Noah Apter Blog Post #6

Hale’s key argument through the article “Constructing Connectedness: Gender, Sexuality and Race in Mary Shelly’s Frankenstein” is the notion of pleasure. In the aspect of homosocial relationships, she portrays the idea that prominent male characters, including Walton, and Victor through both the creature and Henry Clerval, as well as the creature itself, exhibit a need and an urgency to find a man or a form similar to their own who can sympathize with them on an intellectual level and to balance and “perfectionate” them. In fact, they go as far to assume the perceived social roles of women such as caretaking and providing a level of intimacy or in the case of the creature, a lack there of.

Additionally, in promoting the concept of pleasure, Hale close reads the quote: “the gaze is the object in which the subject can see himself seeing himself” (14). Here, she moves past the romantic light to which a gaze often represents and into the notion of a mirror. More directly, she characterizes the transparent surface of the eyes as the ability for Victor to see his ego, his desire, and his conscious within another creature. In this case, he is looking upon the corpse of his dear friend Clerval and looking through the eyes of the mirror toward the creation of death, simultaneously imagining his relationship with life and death in the form of his creature.

Hale’s explanation of the “pleasure principle” as argued by Sigmund Freud from the book “Beyond the Pleasure Principle” represents a strong use of a secondary source towards creating additional relevant information and adding credibility (ethos) towards her overarching argument through the work of a famous psychologist.
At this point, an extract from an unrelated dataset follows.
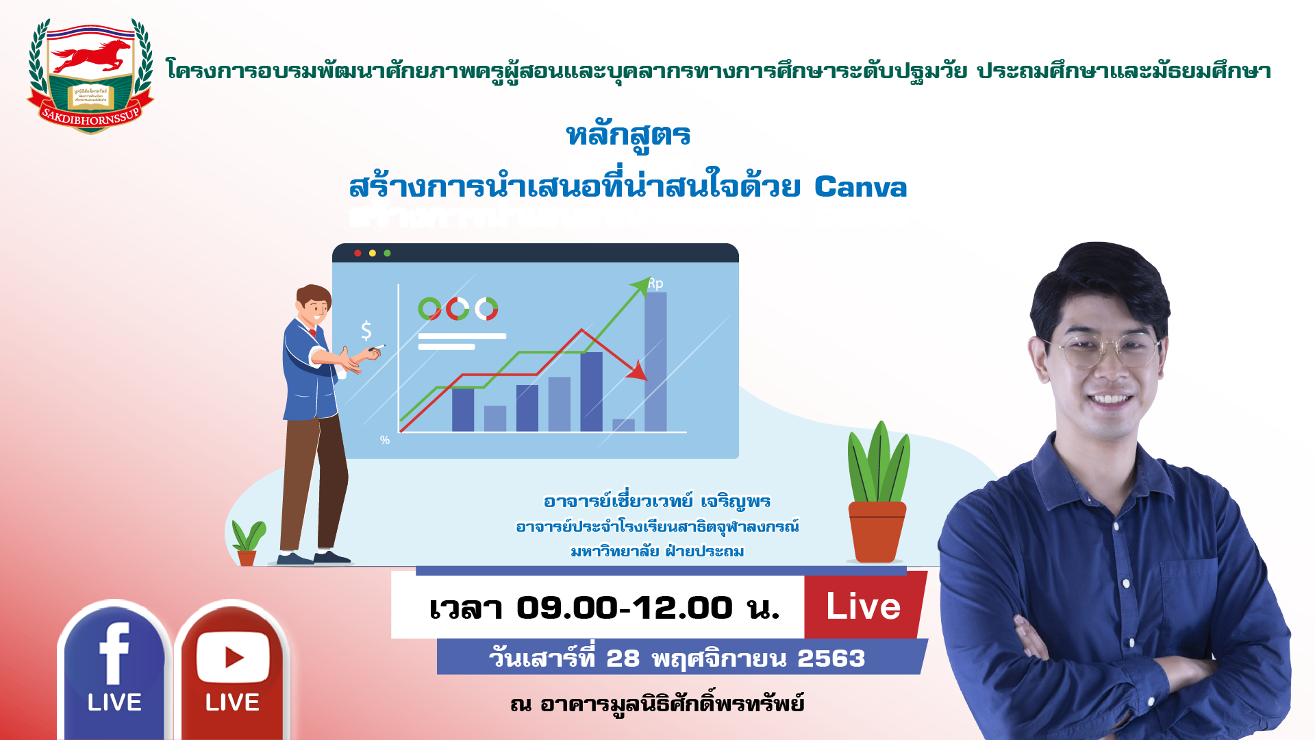 ข่าวประชาสัมพันธ์ ตรวจสอบรายชื่อผู้มีสิทธิ์เข้ารับการอบรม ประกาศรายชื่อผู้เข้าอบรมออนไลน์ : วันเสาร์ที่ 28 พฤศจิกายน 2563 เวลา 09.00-12.00 น. วิทยากร : อาจารย์เชี่ยวเวทย์ เจริญพร November 27, 2020 kusol admin วันเสาร์ที่ 28 พฤศจิกายน 2563 เวลา 09.00-12.00 น. หลักสูตร : “สร้างการนำเสนอที่น่าสนใจด้วย Canva” วิทยากร : อาจารย์เชี่ยวเวทย์ เจริญพร ดูรายชื่อ 👉 คลิก เข้าร่วมกลุ่มไลน์ 👉 คลิก หรือ Scan QR Code

She uses his principle to define the notion that all mental processes are concerned with “an avoidance of unpleasure” or in the same, but opposite notion, “a production of pleasure”. She then uses this to characterizes the drive for sexual desire and deprivation, as well as the creature’s acts of murder to fulfill such needs of pleasure, be it sexually driven or not.

The term sanguinary (16) was unfamiliar to me and upon researching its definition through online dictionaries, I found its meaning to be “involving or causing much bloodshed”.